Camber Energy shares have been broadly strong, up as much as 75% in the past eight months. But the stock has pulled back over the past 2 months dramatically, which could offer an interesting opportunity to investors interested in unsung small caps with compelling narratives already in place under the radar.

 

PBF Energy Inc (NYSE: PBF) bills itself as one of the largest independent refiners in North America, operating, through its subsidiaries, oil refineries and related facilities in California, Delaware, Louisiana, New Jersey and Ohio.
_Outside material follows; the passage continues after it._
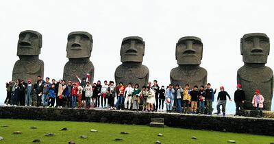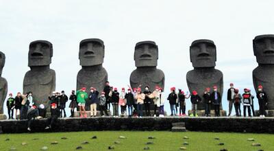 お昼ごはんを食べた後は、サンメッセ日南に来ています。海を眺めたり、モアイ像と写真をとったりしています。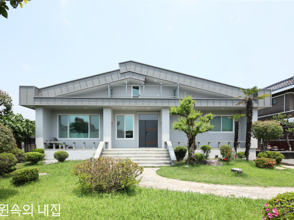 건축주가 원했던 세 가지는 친환경, 모던 스타일, 내진. 여기에 여유까지 얹어 완성한 ‘스틸하우스’라는 답.동측에서 서측으로 떨어지는 경사가 경쾌한 인상을 주는 주택의 매스“사실 이번 집이 두 번째 도전입니다.”정원에서 일을 마치고 돌아온 건축주 이재민, 조선자 씨 부부는 집 소개를 첫 집 이야기로 시작했다.부부의 오랜 꿈이기도 했던 전원생활. ‘더 늦기 전에 시작하라’는 선배들의 조언으로 용기를 얻어 지금 집에서 멀지 않은 거리에 황토벽돌로 첫 집을 지었다. 하지만, 집짓기는 호락호락하지 않았다. 기존 업체의 주먹구구식 진행에 답답했고, 애써 낸 결과물도 만족스럽지 못했다. 부부는 꿈을 포기하기 아쉬워, 결국 두 번째 집에 도전했다.실내는 그레이와 화이트 톤으로 마감해 바깥 풍경의 푸름을 더욱 살려준다. HOUSE PLAN대지위치 ▶ 경상북도 영천시 대지면적 ▶ 926㎡(280평) │ 건물규모 ▶ 지상 2층(본동), 지상 1층(부속동) 건축면적 ▶ 155.19㎡(42.02평) │ 연면적 ▶ 175.45㎡(53.16평) 건폐율 ▶ 16.67% │ 용적률 ▶ 18.95% 최고높이 ▶ 7.57m 구조 ▶ 기초 - 철근콘크리트 매트기초 / 지상 – 벽체 : 스틸하우스 공법 140SL10 냉간성형 아연도금강판 스틸스터드, 지붕 : 90TC10 스틸스터드 단열재 ▶ 벽체 - 준불연 EPS 100mm(외단열), 그라스울 R19(중단열) / 지붕 - 그라스울 R30 + 50mm 네오폴 외부마감재 ▶ 스터코, 포스맥, 청고벽돌, 천연방부목 창호재 ▶ 엔썸 T/S, T/T 47mm 3중유리 시스템창호(에너지효율 1등급) 에너지원 ▶ 기름보일러 │ 조경 ▶ 아리랑조경 성동표 010-4282-3394 전기·기계·설비 ▶ ㈜그린홈예진 구조 설계 ▶ 프레임캐드 안덕근 010-8564-2685 설계 ▶ 지핸즈 건축사사무소 김종균 010-3510-9053 시공 ▶ ㈜그린홈예진 055-758-4956 www.yejinhouse.comINTERIOR SOURCE내부마감재 ▶ 벽 - LG하우시스 실크벽지 / 바닥 - 동화자연마루 나투스진 욕실 및 주방 타일 ▶ 호림 타일 │ 수전 등 욕실기기 ▶ 아메리칸스탠다드 주방 가구·붙박이장 ▶ 주문 제작 │ 조명 ▶ LED 계단재·난간 ▶ 멀바우 + 평철 난간 │ 현관문 ▶ 코렐 시스템도어 중문 ▶ 영림 3연동 도어 │ 방문 ▶ 영림 ABS 도어 데크재 ▶ 30mm 고흥석 버너구이 SECTION①현관 ②거실 ③식당 ④주방 ⑤안방 ⑥방 ⑦욕실 ⑧다용도실 ⑨보일러실 ⑩드레스룸 ⑪홀PLAN2F - 21.15㎡ (본동)1F - 112.20㎡ (본동) + 42.10㎡ (부속동)전면의 깔끔한 선과는 달리 다채로운 지붕 모습을 보여주는 후면은 산세와 그 모습이 닮았다.한편, 실수를 반복할 수 없어 집에 관해 다시금 공부하던 중 발생한 경주·포항 지진은 이런 고민 속에서 방향을 정하는 포인트가 됐다. 입지도 입지지만, 안전을 위해서 ‘시스템을 갖춘 시공사’를 통해 ‘합리적인 디자인과 공법’으로 짓자는 것. 선배 건축주들의 사후 평가까지 고려하며 도달한 결론은 ‘그린홈예진’의 스틸하우스였다. 체계적인 시공과 친환경성, 무엇보다도 우수한 내진 성능이 부부의 마음을 사로잡았다. 결정 후 집을 짓기 시작해 일 년여 지난 올해 봄. 부부는 드디어 새집을 만났다.하나처럼 보이지만, 부속동은 본동에서 독립되어 있는 공간이다.석재 데크는 관리가 편리하면서 모던한 주택 디자인과도 잘 어울린다.주택은 팔공산의 정상으로 향하는 골짜기에 전면 능선을 바라보며 앉혀졌다. 대구 거처와도 가깝고 풍수적으로도 좋은 입지였다. 하지만, 산악지대인 만큼 토목과 조경에서는 적잖은 노력이 필요했다.위에서 내려다본 주택 모습마당 앞을 흐르는 시내와 집 뒤의 산세는 그 자체로 한폭의 그림이 된다.외관은 모던한 형태를 갖췄다. 본동과 부속동을 일직선으로 배열하고, 동측부터 서측으로 완만하게 내려오는 경사를 잡았다. 본동과 부속동은 1.5m 정도 떨어진 별개의 건물이지만, 소재를 통일시키고 지붕선을 연결해 멀리서 보면 하나의 건물처럼외관은 모던한 형태를 갖췄다. 본동과 부속동을 일직선으로 배열하고, 동측부터 서측으로 완만하게 내려오는 경사를 잡았다. 본동과 부속동은 1.5m 정도 떨어진 별개의 건물이지만, 소재를 통일시키고 지붕선을 연결해 멀리서 보면 하나의 건물처럼 느껴진다. 벽체와 일체화된 지붕은 한층 세련된 분위기를 내는데, 이와 함께 매스를 비워내면서 만들어진 전면의 지붕선은 외관의 포인트면서 한낮의 직사광선을 막는 깊은 처마의 역할도 한다.거실 조명은 천장면을 따라 매립해 군더더기 없는 깔끔함을 추구했다. 게스트룸 용도로 사용하는 부속동에도 주방과 욕실을 놓아 손님의 편의를 도모했다.(좌) 그레이톤 주방 가구로 차분한 분위기를 유지하는 가운데 다용도실에 파란 문을 적용해 포인트를 줬다.(우)실내는 화이트와 그레이 톤으로 마감해 전반적으로 환하면서도 차분한 분위기를 낸다. 안으로 들어서면 거실을 거쳐 서측으로 식당 겸 주방이 위치하고, 동측에 손녀를 위한 작은 방과 메인 침실이 자리한다. 현관 바로 앞 계단을 통해 오르는 2층에는 방 한 칸을 두었고, 테라스와 작은 옥상을 연결해두었다.안방은 가구를 최소화했지만, 가로로 긴 창으로 들어오는 풍경으로 단조로움을 피한다.2층 방으로 향하는 계단혹시 지어둔 집 이름이 있냐는 질문에 부부는 부속

PBF Energy Inc. also currently indirectly owns the general partner and approximately 48% of the limited partnership interest of PBF Logistics LP (NYSE:PBFX).

PBF recently reported first quarter 2021 income from operations of $57.7 million as compared to loss from operations of $1,366.8 million for the first quarter of 2020. Excluding special items, first quarter 2021 loss from operations was $317.8 million as compared to loss from operations of $134.0 million for the first quarter of 2020. PBF Energy’s financial results reflect the consolidation of PBF Logistics LP (NYSE: PBFX), a master limited partnership of which PBF Energy indirectly owns the general partner and approximately 48% of the limited partner interests as of quarter-end.
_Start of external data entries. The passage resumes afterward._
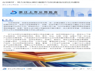 查看詳情臺(tái)華新材上榜“2024年度浙江轄區(qū)回報(bào)投資者 優(yōu)秀實(shí)踐案例”名單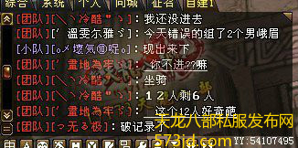 今天晚上要打天龙八部私服发布网全国争霸赛 ,我兴高采烈的把副本过掉。当我刷到团队副本12人的时候,遇见游戏史上从没有遇见过的事情。 我们开始刷喇叭组人副本了 人组好了 我们开刷 进去的第一个怪 发现不对了?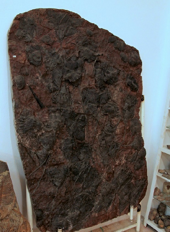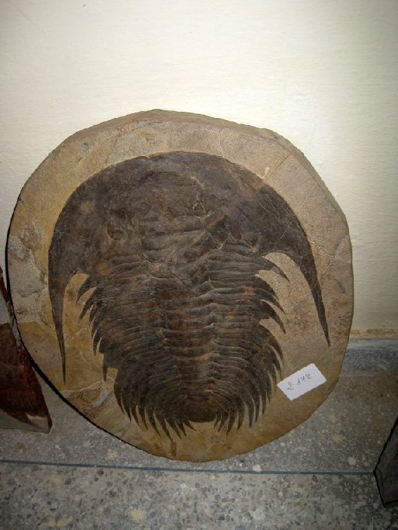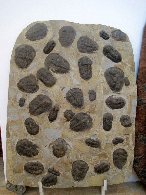 The name, trilobite, comes from the three distinct portions of their segmented body. The hard exoskeleton allowed good preservation as a fossil and served as defensive armor, but had to be shed periodically as the animal grew. These many legged arthropods roamed the sandy bottoms of the seas and coral reefs in search of food.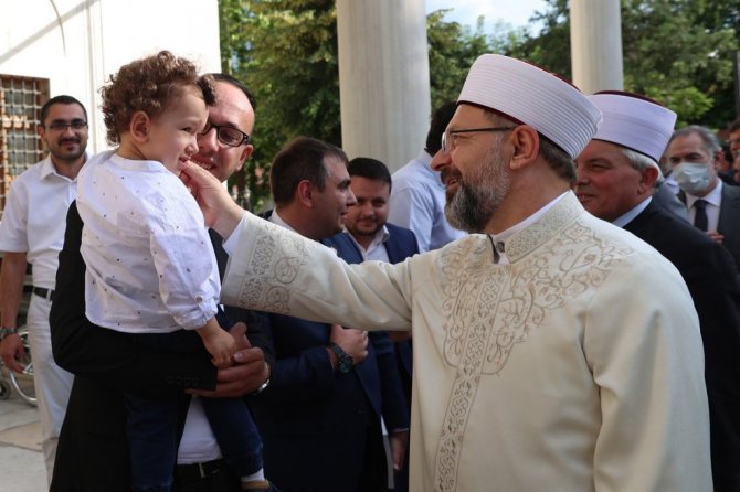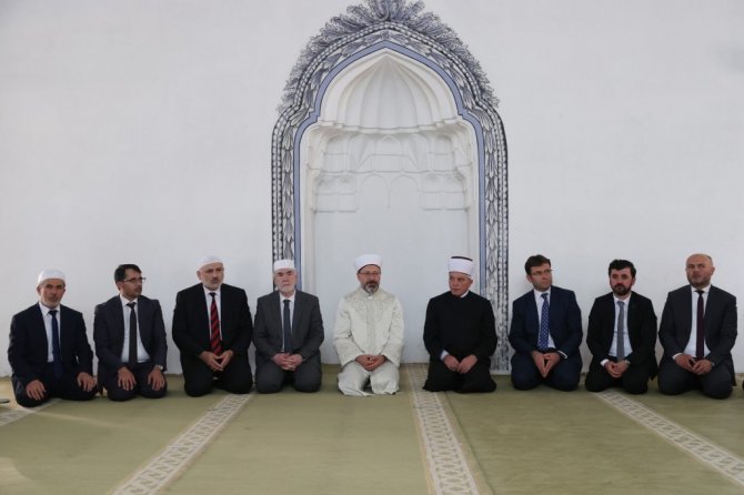 Hazreti Muhammed'in "Kim dünyada bir mescit inşa ederse, Allah onun benzerini ahirette bir makam olarak ona nasip eyler" şeklindeki müjdesini hatırlatan Başkan Erbaş, "İşte bu müjde doğrultusunda camilerimizi daha da geliştirmek, sayılarını daha da artırmak ve içini mamur etmek, içini mektep ve medrese haline getirmeye çalışmak bizim en önemli vazifelerimizden biridir" şeklinde konuştu.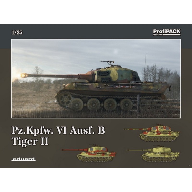 Le Panzerkampfwagen VI Königstiger, ou Sd.Kfz. 182 Panzer VI ausf B Tiger II, surnommé le Königstiger (Tigre royal), est un char d'assaut allemand de la Seconde Guerre mondiale. La maquette militaire Eduard au 1/35 est une version Profipack contenant notamment des pièces en photo-découpe et les décalques pour 3 versions, réf: 03715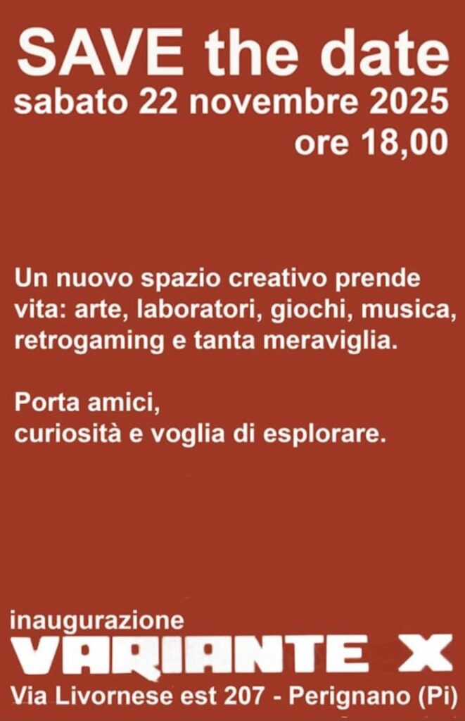 Saremo presenti con il nostro stand e le nostre attività all’inaugurazione di questo nuovo spazio creativo. Vi aspettiamo sabato 22 Novembre 2025 dalle ore 18 presso “VARIANTE X”Via Livornese Est 207, Perignano (PI)

Tom Nimbley, PBF Energy’s Chairman and CEO, said, “PBF’s first quarter results reflect the continuing challenges of lower demand brought on by the pandemic. Our refineries operated well and at rates which mirrored demand.” Mr. Nimbley continued, “We did see sequential improvement during the quarter. We ran higher in March than we did in January which reflects more favorable market conditions as the progressive vaccine rollout lead to improving demand. However, even with rising demand, the independent refining sector is facing unsustainable headwinds as a result of escalating compliance costs under the RFS program. If the program is not fixed, it will likely result in a reshaping of the U.S. refining industry and a greater reliance on foreign energy.”

Even in light of this news, PBF hasn’t really done much of anything over the past week, with shares logging no net movement over that period.

PBF Energy managed to rope in revenues totaling $4.9B in overall sales during the company’s most recently reported quarterly financial data — a figure that represents a rate of top line growth of -6.7%, as compared to year-ago data in comparable terms. In addition, the company is battling some balance sheet hurdles, with cash levels struggling to keep up with current liabilities ($1.5B against $3.4B, respectively).